President Joe Biden signed an executive order Tuesday designed to increase background checks in a visit to a Los Angeles suburb that was the site of a mass shooting this year. “It’s just common sense to check whether someone is a felon and domestic abuser before they buy a gun,” he stated.
The President issued the order shortly before a trip to Monterey Park, where 11 people were killed in January at a gathering for Lunar New Year celebrations. “We all saw a day and festivity and light turned into a day of fear and darkness,” Biden said Tuesday afternoon, when he read the names of the mass shooting victims.
The executive order directs Attorney General Merrick Garland to clarify the statutory definition of who is “engaged in the business” of selling firearms, an authority an administration official said was detailed in sweeping bipartisan gun legislation Biden signed into law last year after the mass shooting at an elementary school in Uvalde, Texas.

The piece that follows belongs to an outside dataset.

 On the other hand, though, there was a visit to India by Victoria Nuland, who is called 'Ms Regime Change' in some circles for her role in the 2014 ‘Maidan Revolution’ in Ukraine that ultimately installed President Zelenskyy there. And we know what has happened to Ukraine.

“This news would mean fewer guns will be sold without background checks, and therefore fewer guns will end up in the hands of felons and domestic abusers,” the official briefed scribes.
The National Instant Background Check System carried out more than 31 million background checks on people looking to own firearms or explosives last year, FBI data shows. However, the added that it is not clear how many new background checks the executive order would result in.
The order also urges members of Biden’s Cabinet to promote effective use of extreme risk protection orders, or “red flag” laws, in 19 states and Washington, D.C., by partnering with law enforcement agencies, health care providers and educators.
Through the order, Biden also encourages the Federal Trade Commission to compile a report examining how gun manufacturers market firearms, including to minors.
The newly divided Congress appears unlikely to tackle any more gun bills after it passed the sweeping Bipartisan Gun Bill in 2022. That measure provides grants to states for red flag laws, expands background checks to include juvenile records and closes the so-called boyfriend loophole by keeping guns away from unmarried dating partners convicted of abuse. In addition, it requires enhanced background checks for people ages 18 to 21 and funding for youth mental health services.
Significantly, Biden signed the Bill just two days after the Supreme Court overturned a law limiting concealed carry permits.